I agree that a replacement plan could also work well. I vaguely recall that there's also some relief available under certain circumstances if excess assets are used for health benefits (?)

Paying out what the plan calls for, i.e., 12 times the monthly benefit, as an RMD, would reduce the assets while the owner's benefit stays the same. Hopefully the overfunding can at least be reduced somewhat if the payout is greater than both the return on investment and the annual APR decrease.

Posted

I agree with all the prior comments. Another possibility: Amend the plan to provide a normal form equal to subsidized J&100 annuity. Then call Ned.

Guest Ned Ryerson
Posted

You rang?

The solution is an easy one. The plan should purchase million dollar life insurance policies (from me of course) on each participant. There is a new secret IRC section that the government doesn't want you to know about that eliminates any death benefit restrictions, so there are no problems there.

If that doesn't help, then the plan should invest in my pyramid scheme, err, great investment opportunity I am privy to.

Now who wants insurance!!!

Posted

The health benefits option is essentially the same as the replacement DC plan option, just a different trust.

The health premiums face the same DC plan 415© limitation issues.

Posted
....

Paying out what the plan calls for, i.e., 12 times the monthly benefit, as an RMD, would reduce the assets while the owner's benefit stays the same. Hopefully the overfunding can at least be reduced somewhat if the payout is greater than both the return on investment and the annual APR decrease.

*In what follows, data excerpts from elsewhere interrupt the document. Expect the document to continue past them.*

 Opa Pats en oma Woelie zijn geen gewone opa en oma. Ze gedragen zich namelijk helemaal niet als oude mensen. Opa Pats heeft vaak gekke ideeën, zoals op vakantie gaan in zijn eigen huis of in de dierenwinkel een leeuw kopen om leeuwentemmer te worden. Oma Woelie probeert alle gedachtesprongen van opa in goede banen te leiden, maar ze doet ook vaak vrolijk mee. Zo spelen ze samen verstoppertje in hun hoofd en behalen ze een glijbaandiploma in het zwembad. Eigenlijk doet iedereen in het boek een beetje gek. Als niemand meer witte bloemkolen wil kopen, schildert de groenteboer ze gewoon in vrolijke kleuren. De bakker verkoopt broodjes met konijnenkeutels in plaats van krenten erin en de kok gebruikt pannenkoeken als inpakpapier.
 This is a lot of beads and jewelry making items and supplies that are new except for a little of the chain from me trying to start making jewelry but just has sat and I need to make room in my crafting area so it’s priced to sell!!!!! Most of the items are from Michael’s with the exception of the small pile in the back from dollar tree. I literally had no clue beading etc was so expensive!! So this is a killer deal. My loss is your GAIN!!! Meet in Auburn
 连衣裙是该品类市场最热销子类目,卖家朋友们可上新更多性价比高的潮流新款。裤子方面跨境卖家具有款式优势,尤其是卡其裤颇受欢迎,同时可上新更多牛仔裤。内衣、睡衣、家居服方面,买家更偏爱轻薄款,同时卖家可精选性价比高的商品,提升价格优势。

I don't think this is a viable solution in a one person plan - sooner or later the plan will be terminated and excess problem will remain. I don't think many people are willing to keep the plan going and pay admin fees when they are not putting any money in the plan. And who invests with expectation of meagre return on assets?

Posted
I agree with all the prior comments. Another possibility: Amend the plan to provide a normal form equal to subsidized J&100 annuity. Then call Ned.

I guess you are suggesting buying a J&S annuity from Ned Insurance Co? If so isn't that tantamount to giving excess assets to the insurance co? Also, the participant may not want to receive an annuity payment and pay taxes.

Posted

I agree with all the prior comments. Another possibility: Amend the plan to provide a normal form equal to subsidized J&100 annuity. Then call Ned.

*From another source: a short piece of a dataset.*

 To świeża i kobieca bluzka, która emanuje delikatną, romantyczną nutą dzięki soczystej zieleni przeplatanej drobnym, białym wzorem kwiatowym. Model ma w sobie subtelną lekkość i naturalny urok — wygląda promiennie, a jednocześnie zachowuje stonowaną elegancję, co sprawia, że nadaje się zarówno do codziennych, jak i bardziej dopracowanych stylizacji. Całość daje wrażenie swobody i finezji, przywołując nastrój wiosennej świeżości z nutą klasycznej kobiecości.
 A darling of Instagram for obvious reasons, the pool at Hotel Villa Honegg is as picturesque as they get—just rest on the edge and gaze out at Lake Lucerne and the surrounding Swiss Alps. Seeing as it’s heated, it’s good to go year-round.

I guess you are suggesting buying a J&S annuity from Ned Insurance Co? If so isn't that tantamount to giving excess assets to the insurance co? Also, the participant may not want to receive an annuity payment and pay taxes.

No, the 415 lump sum is actuarially equivalent to a life annuity, right? Obviously a subsidized J&100 to a spouse is more valuable than a life annuity. Maybe for example the spouse is much younger than the participant. Then the subsidized j&100 is much more valuable than a lump sum.

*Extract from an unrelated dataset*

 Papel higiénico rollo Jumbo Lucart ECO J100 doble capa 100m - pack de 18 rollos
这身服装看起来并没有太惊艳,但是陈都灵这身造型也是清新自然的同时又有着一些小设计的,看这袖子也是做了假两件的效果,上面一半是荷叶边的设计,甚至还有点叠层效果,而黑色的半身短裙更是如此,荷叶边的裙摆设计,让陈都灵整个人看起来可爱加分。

So, yes both Ned and the insurance company get something. But arguably so does the retiree and/or his spouse. And, yes they probably would prefer a lump sum. But this is an option.

Posted
Question: why does the excess increase to 300k after 12/31/07?

Because under the new regs, the S415 100% Hi3 = Hi 3 using the S401(a)(17) comp limit where as hitherto, S415 Hi 3 was permitted to be based on actual comps.

In this case the (a)(17) restricted Hi 3 is $8k but Hi 3 of actual comps is $10.3k.

Posted

I'm available to provide some actuarial services. Better me than Ned.

I'm a retirement actuary. Nothing about my comments is intended or should be construed as investment, tax, legal or accounting advice. Occasionally, but not all the time, it might be reasonable to interpret my comments as actuarial or consulting advice.

Guest Ned Ryerson
Posted

Bite your tongue actuary boy! Be careful or I will get my life insurace actuarial posse to bring on the pain! Now that's a reason to buy some insurance! It's simple, if you don't buy insurance at maximum levels, you don't care about your family!

Posted
It's simple, if you don't buy insurance at maximum levels, you don't care about your Ned's family!

I'm a retirement actuary. Nothing about my comments is intended or should be construed as investment, tax, legal or accounting advice. Occasionally, but not all the time, it might be reasonable to interpret my comments as actuarial or consulting advice.